Searching for unique values in dataframe and creat

2020-02-14 08:03发布

问题:

Since I started using R< not long ago, I've found this site very useful in helping me build my scripts. I have yet again came across a challenge for which I can't seem to find an answer anywhere. Here is my problem: In my data I have a column which contains a different URL in each row. In each of those URL's there is a particular piece of information I want to extract. Currently I do it in excel because I've been told it's impossible to do in R and that no function exists to do it.

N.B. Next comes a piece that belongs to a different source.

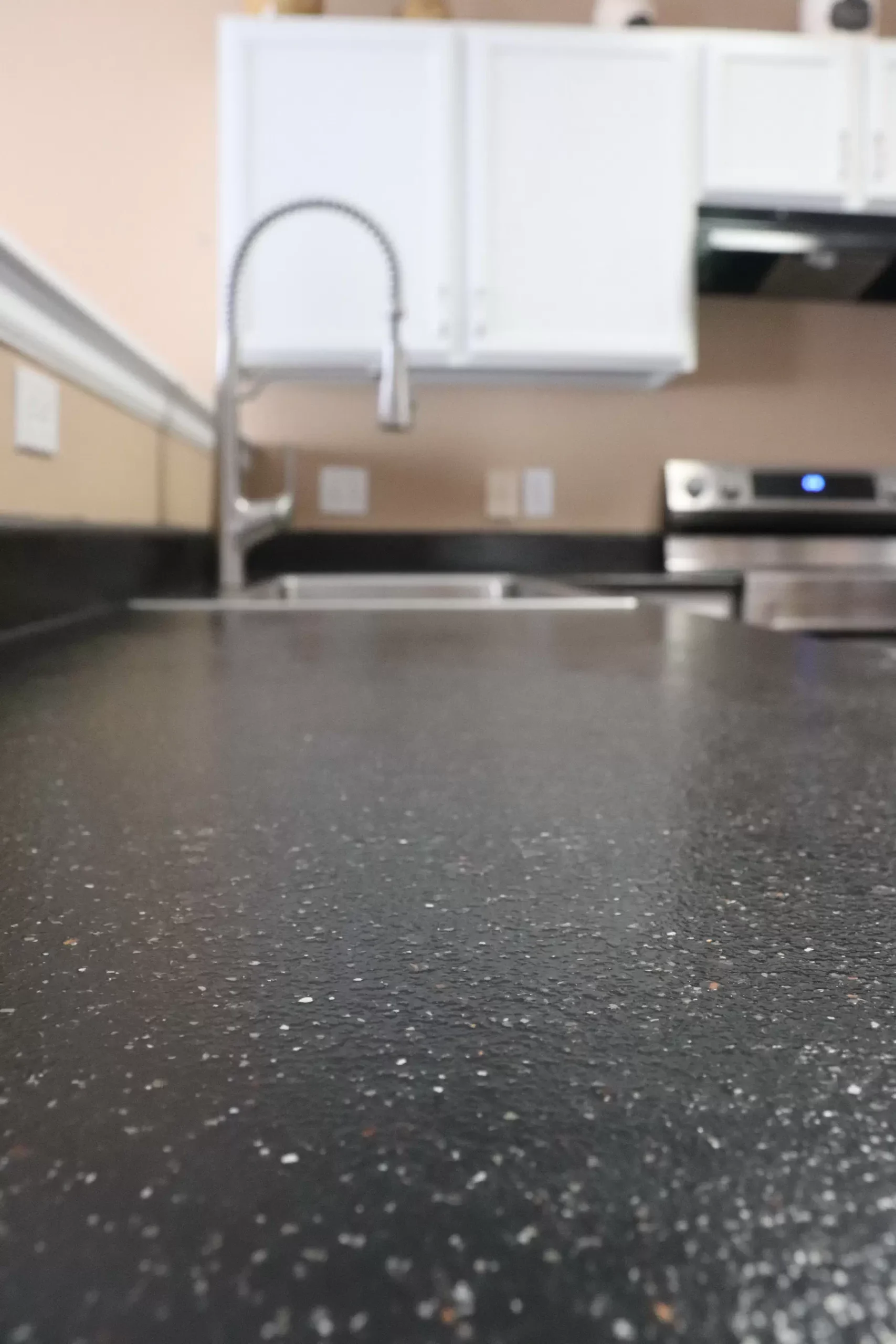 “We are very pleased with the final results,” says Curtis. “The contrasting colors of the stones and texture in the Volcanic Black created depth against the dark background. This complements the cabinets and wall color, providing us with a good-looking kitchen. All at a very low cost of $144 for a countertop kit. And, by reusing the old Formica® countertops instead of replacing them, the project was both economically and environmentally friendly!”
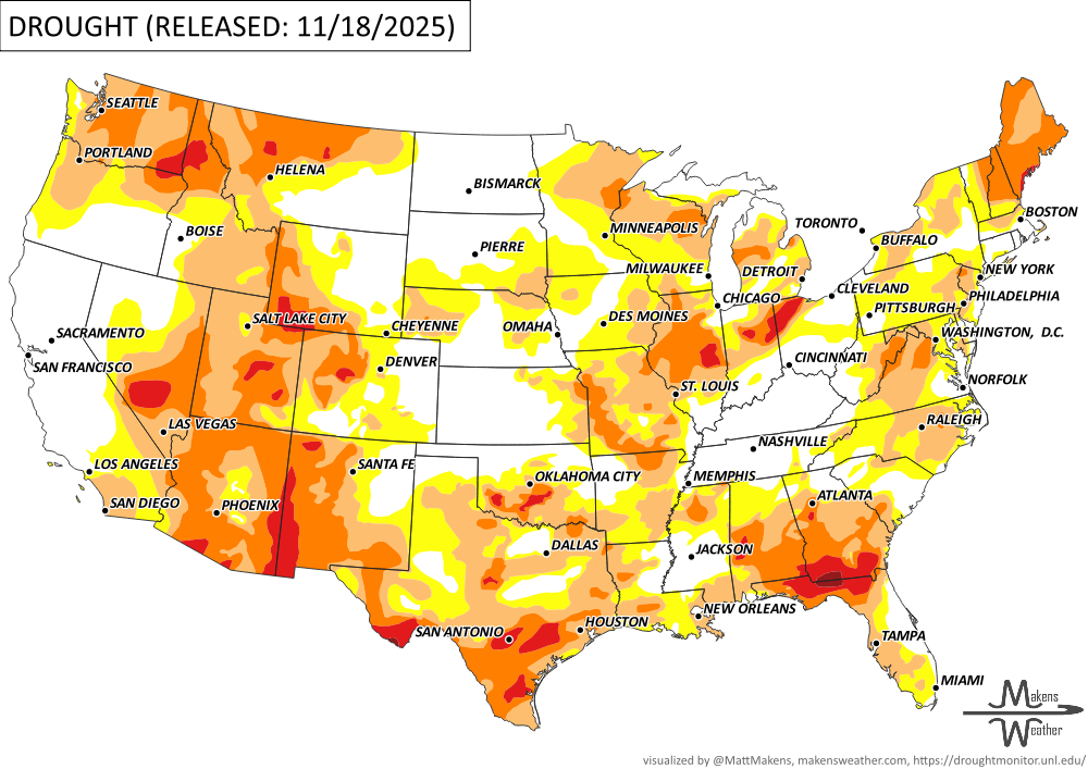 Drought conditions worsened across much of the central and eastern U.S. this week due to continued dry weather, with notable degradations in Oklahoma, Texas, Louisiana, Florida, Georgia, and parts of the Great Lakes. Meanwhile, wetter conditions brought much-needed drought relief to California, Washington, and the Northeast, where rain and snow helped improve soil moisture and streamflow. In the West, widespread precipitation also benefited southern Nevada, the Sierra Nevada, and coastal California. Despite the improvements, short-term dryness is intensifying in parts of the central Plains and Montana, while Puerto Rico and Hawaii saw mixed changes based on localized rainfall. -U.S. Department of Agriculture

The URL will look like this example format and it will be found in the "source" column

http://www.googleclick.com?utm_source=ADX&ID56789

http://www.googleclick.com?utm_source=ADW&ID56009

http://www.googleclick.com?utm_source=ADWords&ID53389

The part of the URL that is of importance to me is the "utm_source=ADX" bit .My data looks something like this:

User / Source

1 / http://www.googleclick.com?utm_source=ADX&ID56789

2 / http://www.googleclick.com?utm_source=ADW&ID56009

3 / http://www.googleclick.com?utm_source=ADWords&ID53389

What I need to do is to capture the utm_source from the URL and transpose the information into a different column, example below:

User / Source / utm_source

1 / googleclick / ADX&ID56789

2 / googleclick / ADW&ID56009

3 / googleclick / ADWords&ID53389

So in essence I need R to search in the entire dataframe for the value "utm_source=" and once it has found them, I want it to transpose the "utm_source=" value into a column name and to copy all the information that comes after "=" in a that column for each individual row. I know that "grep" is a function that locates a specific piece of information in the datafreme , for example data <- total[grepl("utm_source", total$Source), ]. This will give me all the rows that contain the word "utm_source" but what I need is the information that comes after " utm_source". Usually my data can have as many as 500.000 rows. At the moment I use the excel function "text to columns" for this, and I basically split the URL's into little bits and keep the columns that I need, but this can be a very messy and lengthy process.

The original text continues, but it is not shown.